Brief =>
Copy out again, unchanged, the listing below from the line that has "Handwoven from natural" through the line that has "Step 2: Select".

Supplied records =>
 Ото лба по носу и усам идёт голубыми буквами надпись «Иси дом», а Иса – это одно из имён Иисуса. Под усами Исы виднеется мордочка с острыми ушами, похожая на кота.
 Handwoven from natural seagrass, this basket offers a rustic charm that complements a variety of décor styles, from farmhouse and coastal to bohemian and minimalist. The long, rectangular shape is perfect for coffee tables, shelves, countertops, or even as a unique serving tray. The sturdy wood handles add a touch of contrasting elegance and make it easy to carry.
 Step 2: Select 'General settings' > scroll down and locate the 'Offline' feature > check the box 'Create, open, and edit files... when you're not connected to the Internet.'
* * *
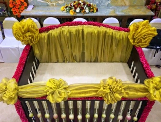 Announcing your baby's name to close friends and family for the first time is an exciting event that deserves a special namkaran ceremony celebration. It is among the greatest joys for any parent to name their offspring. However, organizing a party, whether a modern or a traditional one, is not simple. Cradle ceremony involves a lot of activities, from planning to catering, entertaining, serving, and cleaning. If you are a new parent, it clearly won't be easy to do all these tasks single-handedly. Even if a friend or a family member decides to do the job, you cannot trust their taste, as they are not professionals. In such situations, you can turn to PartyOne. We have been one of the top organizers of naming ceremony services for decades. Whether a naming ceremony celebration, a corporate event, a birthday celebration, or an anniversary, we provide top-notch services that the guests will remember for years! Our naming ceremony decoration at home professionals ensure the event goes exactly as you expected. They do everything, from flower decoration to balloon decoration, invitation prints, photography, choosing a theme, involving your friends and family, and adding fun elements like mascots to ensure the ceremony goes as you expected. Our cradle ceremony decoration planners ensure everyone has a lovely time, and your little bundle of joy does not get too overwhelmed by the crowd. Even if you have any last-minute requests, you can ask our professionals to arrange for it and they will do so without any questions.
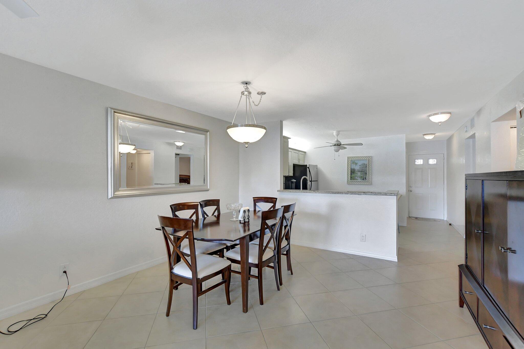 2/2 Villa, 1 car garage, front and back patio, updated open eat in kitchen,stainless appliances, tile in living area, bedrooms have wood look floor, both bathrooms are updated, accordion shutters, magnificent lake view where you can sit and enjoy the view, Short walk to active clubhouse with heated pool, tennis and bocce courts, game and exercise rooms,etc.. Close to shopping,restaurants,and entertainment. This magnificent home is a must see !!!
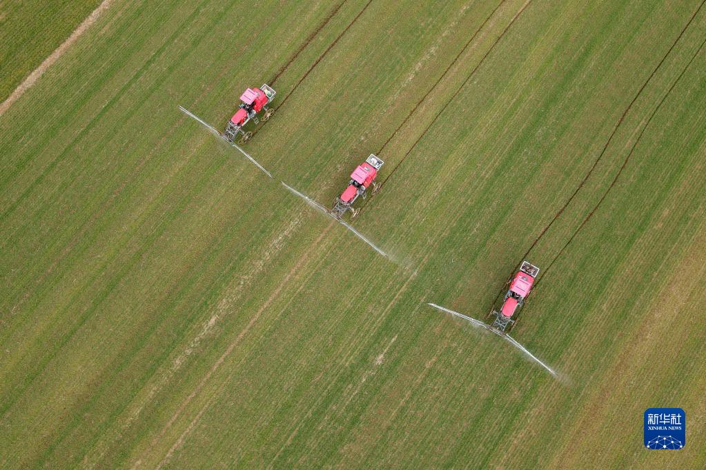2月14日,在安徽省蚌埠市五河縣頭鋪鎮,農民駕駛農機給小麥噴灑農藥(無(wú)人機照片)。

Output of the exercise =>
 Handwoven from natural seagrass, this basket offers a rustic charm that complements a variety of décor styles, from farmhouse and coastal to bohemian and minimalist. The long, rectangular shape is perfect for coffee tables, shelves, countertops, or even as a unique serving tray. The sturdy wood handles add a touch of contrasting elegance and make it easy to carry.
 Step 2: Select 'General settings' > scroll down and locate the 'Offline' feature > check the box 'Create, open, and edit files... when you're not connected to the Internet.'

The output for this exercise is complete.